A total of 188 TPE procedures were performed for these 31 patients. The mean number of procedures performed was 6 per patient. Ten patients had femoral venous access while 21 patients had jugular venous access for performing TPE. The mean blood volume and plasma volume processed per procedure were 5952 ± 50.08 ml and 3968 ± 43.46 ml, respectively. Acid Citrate Dextrose Formula A (ACD-A) was the preferred anticoagulant in all the procedures with an average amount of ACD infused per procedure being 307 ± 8.34 ml. The mean number of injectable calcium gluconate ampules (10 ml) used per procedure was five (5.3 ± 1.2). The replacement fluid administered during TPE consisted of 5% albumin in 74 procedures, FFP in another 80, and a combination of 5% albumin and FFP in the rest, i.e., 34. All 74 of the procedures with albumin as replacement fluid were performed for patients who did not have DAH. All the procedures were uneventful except six (3.3%) which included urticarial reaction in two and catheter-related complications (thrombosis, catheter-related infection, hematoma) in four.

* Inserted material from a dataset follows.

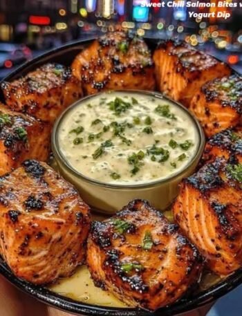 🍣 Sweet Chili Salmon Bites with Lime Yogurt Dip (Mediterranean Twist) These Sweet Chili Salmon Bites are crispy on the …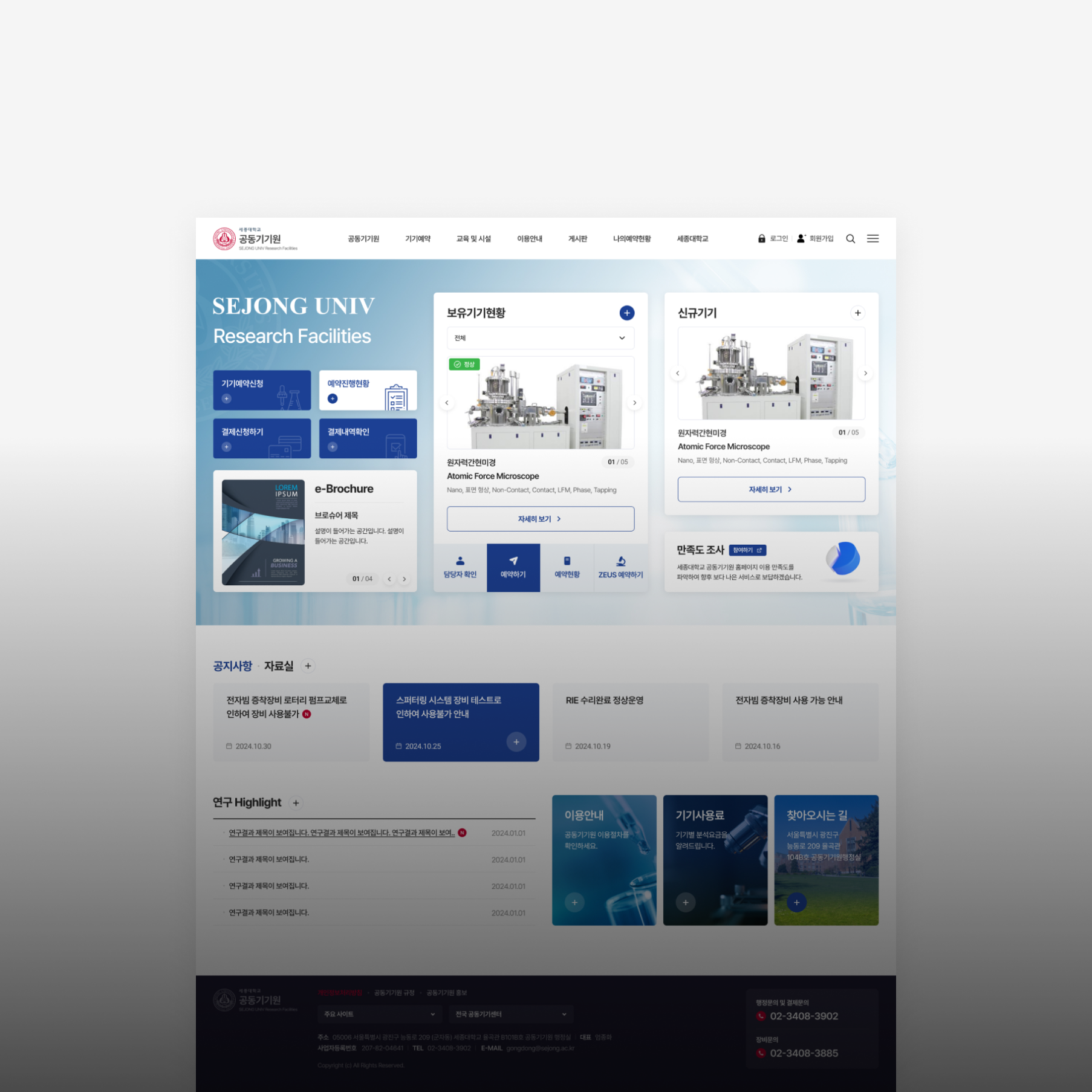 세종대학교 공동기기원 웹사이트 리뉴얼

All the patients were assessed for clinical as well as laboratory improvement (autoantibody strength profile) after completion of TPE procedures. Out of 31, seven patients who had signs of organ damage such as pancreatitis, hepatic failure, or comorbidities such as sepsis and anemia among others, before the initiation of TPE, showed none or minimal clinical improvement with augmentation of TPE as an adjunctive therapy and succumbed to the disease. Of the 24 patients who showed clinical improvement with the augmentation of TPE and started recovering, 19 tested negative for their respective antibodies while the rest of the five tested weak positive at the end of desired number of procedures. The survival rate in this patient category, during primary admission after initiation of TPE as an adjunct to steroids and immunomodulatory drugs, was thus 77.42%. Survival at 3 months from the date of discharge was 100%. Relapse with readmission was seen in 11 patients (45.83%).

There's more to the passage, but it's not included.